I think music has many powers. It can definitely put a message across to people, but people have to be more open to receive the message than they used to. Mainstream media now has so much control over what people hear and see. There is so much hype and pressure around what is and isn’t "cool" or acceptable, that the majority go with the flow and swallow it. Those who want to be enlightened will find alternatives, its always been like that though I reckon. The important thing is for those of us who provide that alternative to keep going and not compromise.

Bass Junkie - Low Frequency Fugitive © Bass Agenda

That's why we are in it for the long run right? To be providers of something true! Always have respected that core value you hold, it's a rare thing out there. So what’s in store for Bass Agenda then, any new releases about to drop?

Well, radio wise I’m keeping on keeping on. The year started great with The Horrorist, who I have loved for years, and next up is Jensen Interceptor; great artist from Australia. I have some exciting stuff in the pipeline guest wise, but it’s a bit early to shout about. For me I just want to look back at the end of the year and see 12 shows that are varied, that stand on their own feet and to have people say they’ve discovered something new every now and then.

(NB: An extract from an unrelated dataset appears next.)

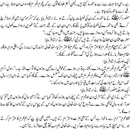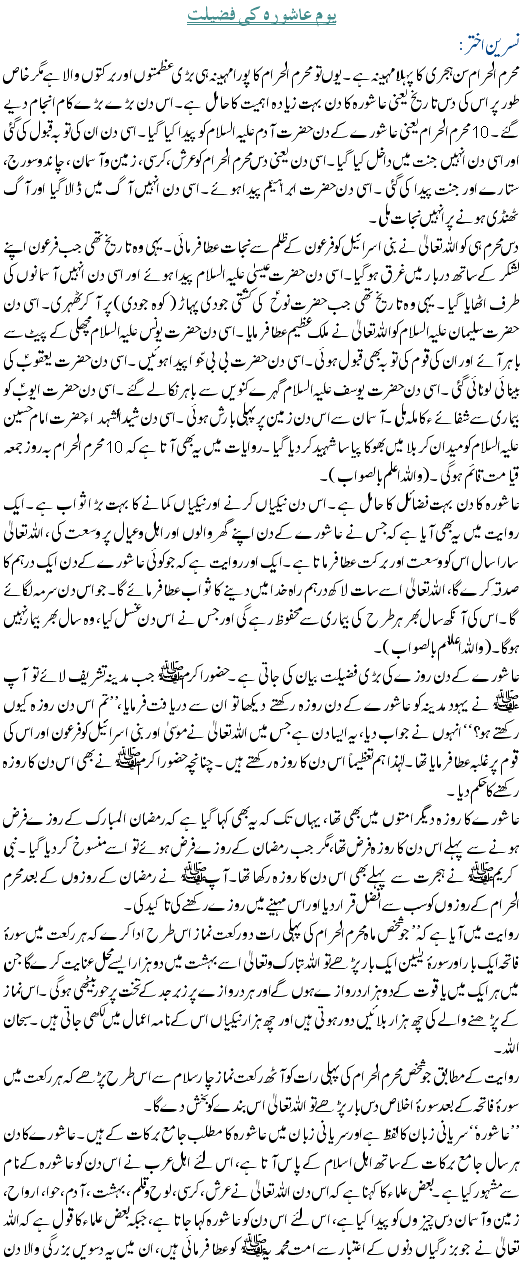 ASHOORAY ka din bohat hi ahmiyat ka haamil hay aur humain iss din ziyada sa ziyada ibaadat main guzaarna chayeh aur issi taleem ko pooray saal apnaana chayeh, sabr, aur qurbani ka yeh pegham aaj ummat-e-Mohammadia SAW ko Hazrat Imam Hussain aur aal-e-Rasool SAW ki shaadat say mila hay woh hum sab kay liye aik mishal-e-raah hona chayeh aur humain unki qurabaniyon ko khiraj-e-aqeedat paish kar kay aik acha aur sacha musalmaan bann kar poori duniya ko amn, sabar aur qurbaani ka sabaq daina chayeh.
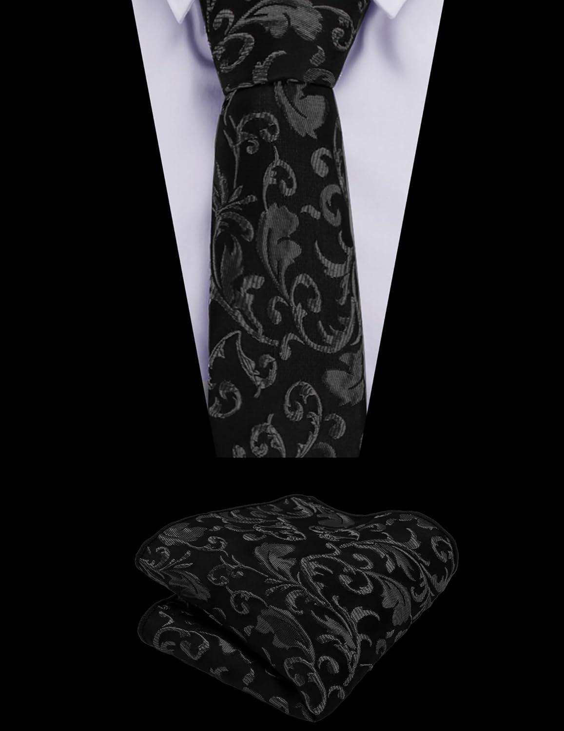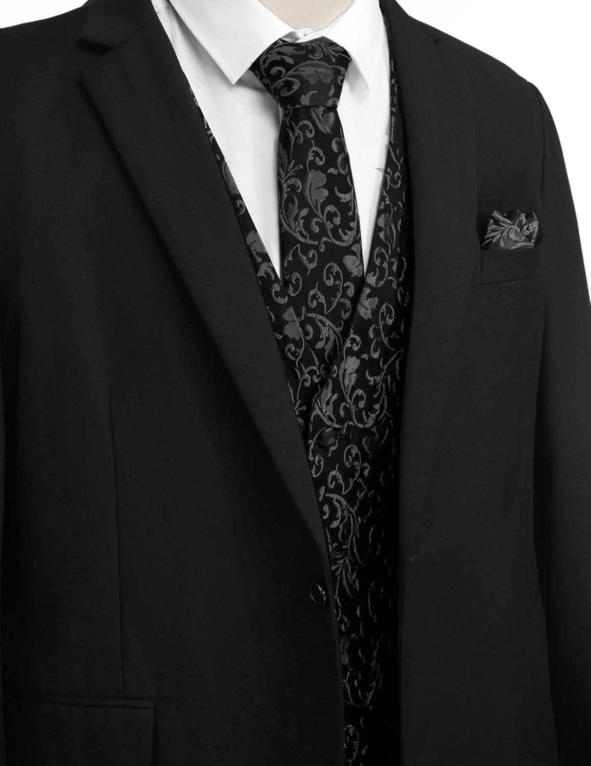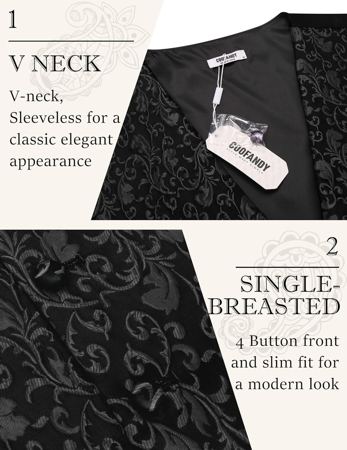COOFANDY Men's Christmas Vest Tie Set 3PC Paisley Jacquard Waistcoat and Necktie Pocket Square for Holiday Party Wedding(Black Filigree)

Label wise I’m going to slow down a little this year, but not for the short term. On the 2nd of March Bass Junkie’s new EP ‘Low Frequency Fugitive’ is coming out on vinyl and digital formats, which is an honour for me. I’ve got a huge Juno Lazermachine remix release coming soon featuring so many friends from the scene. Also in the pipeline is Andy Clark’s second release on the label, new tracks from ATIX, RXmode and a few others. I’m getting swamped with demos these days and am having to hit the pause button on new stuff.

I’m in the early stages of looking into doing a Bass Agenda night, probably in London. Also, Bass Agenda will be involved for a 3rd time in Dave Clarke’s "Whip It" Electro party coming soon. More details to come on that, going to be another fantastic line up for Electro lovers though.

Great news Andy! Please keep us updated. Thanks for all you do, and for your hard work and dedication to our scene. Cheers!